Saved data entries
☆ ☆ ☆ ☆ ☆

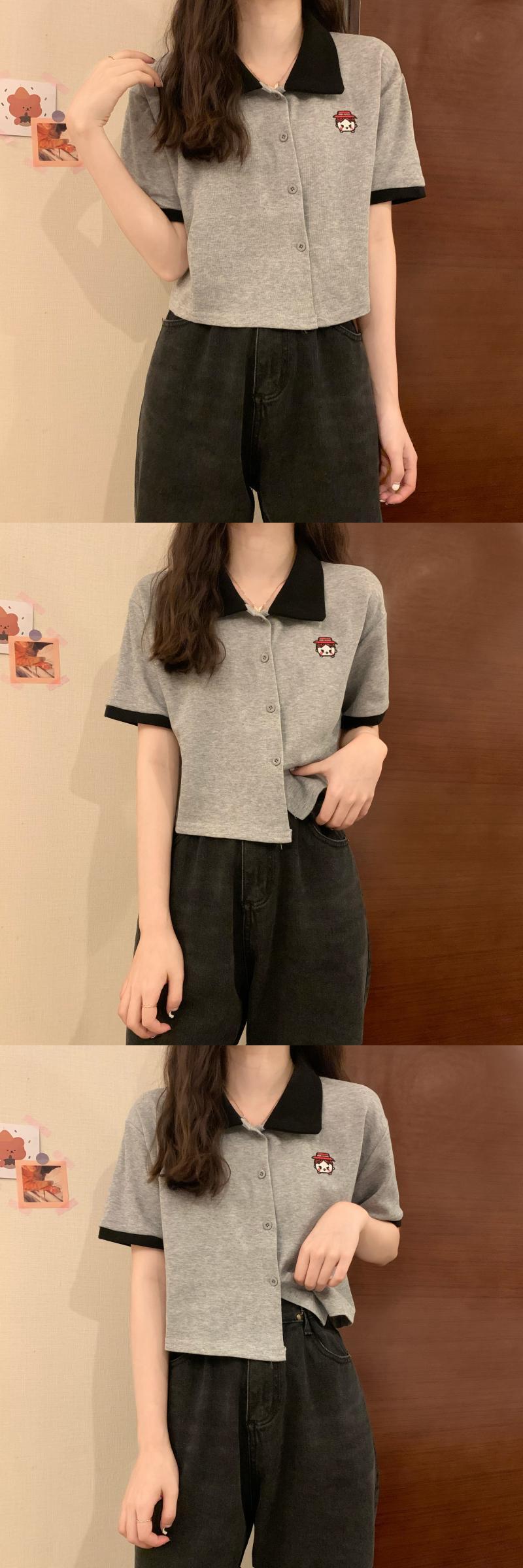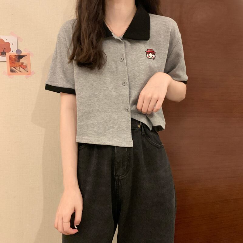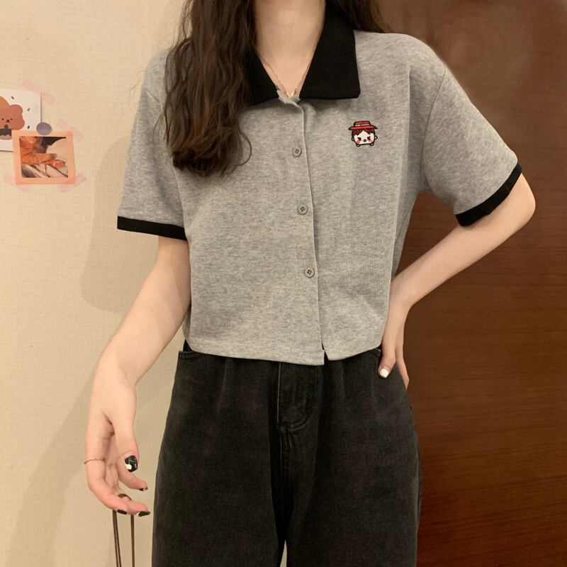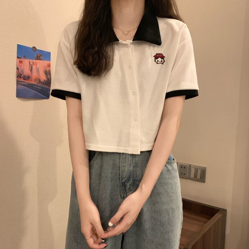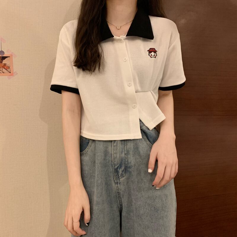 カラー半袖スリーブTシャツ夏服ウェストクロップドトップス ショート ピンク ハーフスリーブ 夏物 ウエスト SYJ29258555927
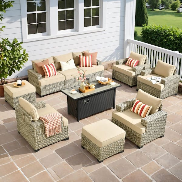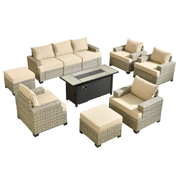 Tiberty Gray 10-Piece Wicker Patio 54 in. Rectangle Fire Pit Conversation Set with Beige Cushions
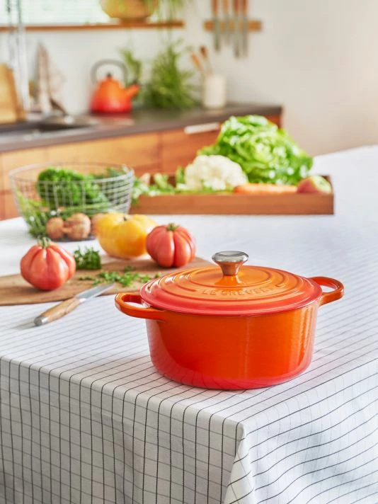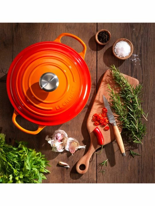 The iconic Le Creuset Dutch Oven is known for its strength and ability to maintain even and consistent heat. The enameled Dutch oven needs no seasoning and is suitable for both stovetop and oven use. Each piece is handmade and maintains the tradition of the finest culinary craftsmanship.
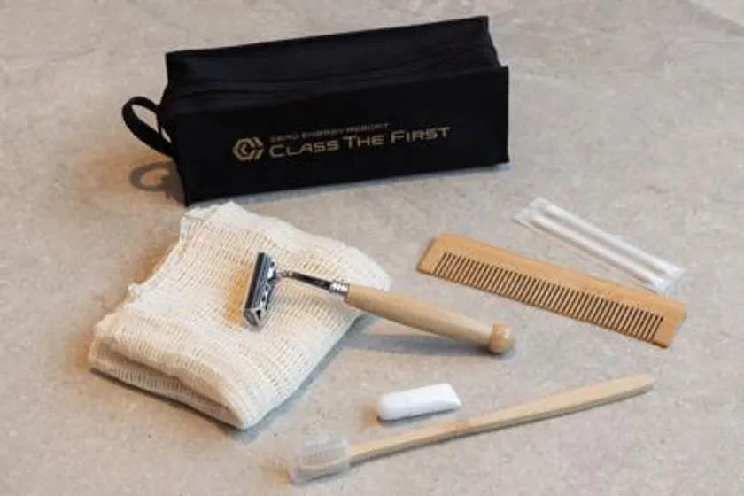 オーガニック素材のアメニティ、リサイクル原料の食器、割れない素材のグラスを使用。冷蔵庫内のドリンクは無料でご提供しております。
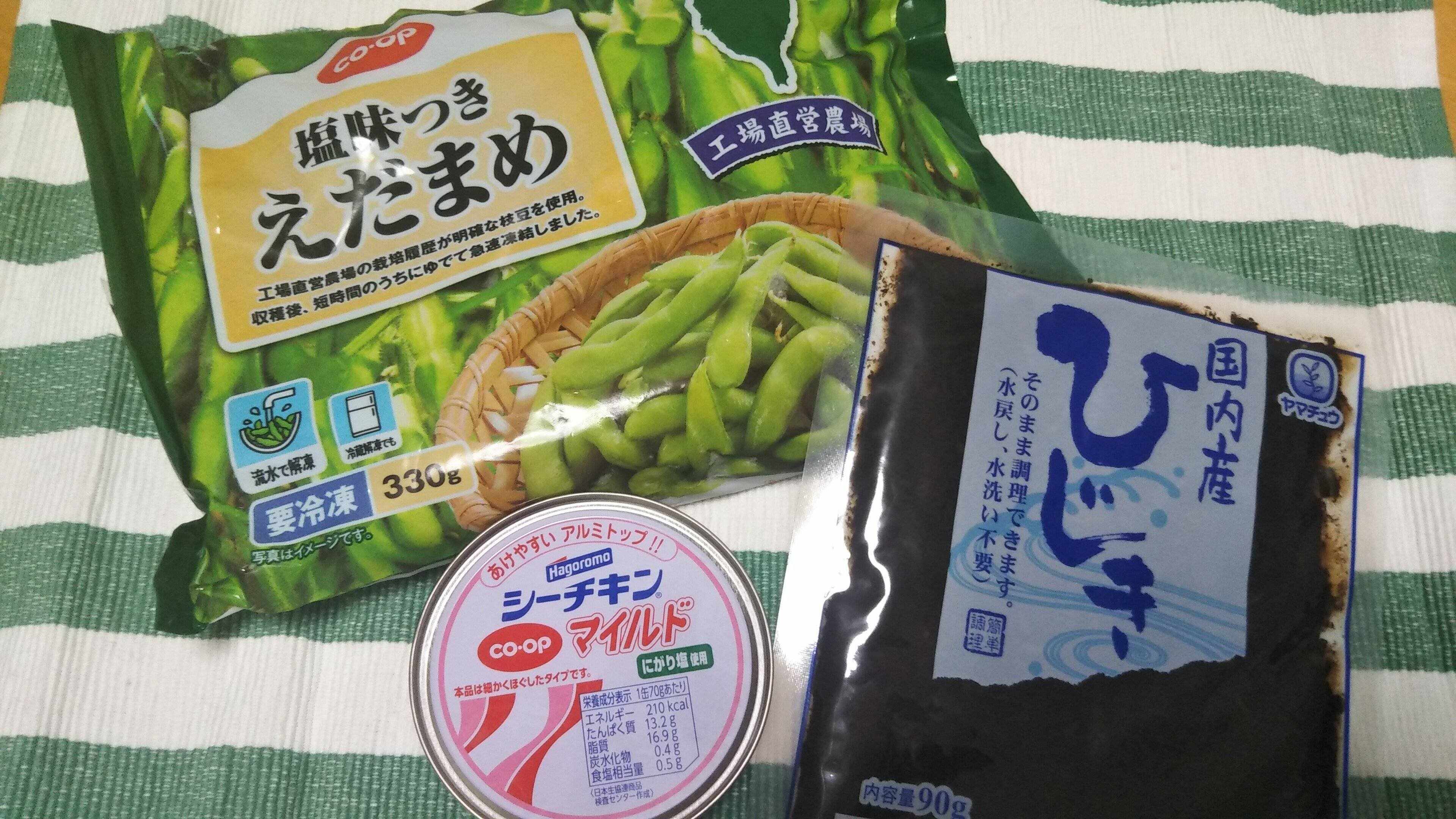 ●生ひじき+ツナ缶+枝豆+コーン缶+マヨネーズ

☆ ☆ ☆ ☆ ☆

Please copy the records above word for word, leaving out every picture.

§ Exercise solution:
 カラー半袖スリーブTシャツ夏服ウェストクロップドトップス ショート ピンク ハーフスリーブ 夏物 ウエスト SYJ29258555927
 Tiberty Gray 10-Piece Wicker Patio 54 in. Rectangle Fire Pit Conversation Set with Beige Cushions
 The iconic Le Creuset Dutch Oven is known for its strength and ability to maintain even and consistent heat. The enameled Dutch oven needs no seasoning and is suitable for both stovetop and oven use. Each piece is handmade and maintains the tradition of the finest culinary craftsmanship.
 オーガニック素材のアメニティ、リサイクル原料の食器、割れない素材のグラスを使用。冷蔵庫内のドリンクは無料でご提供しております。
 ●生ひじき+ツナ缶+枝豆+コーン缶+マヨネーズ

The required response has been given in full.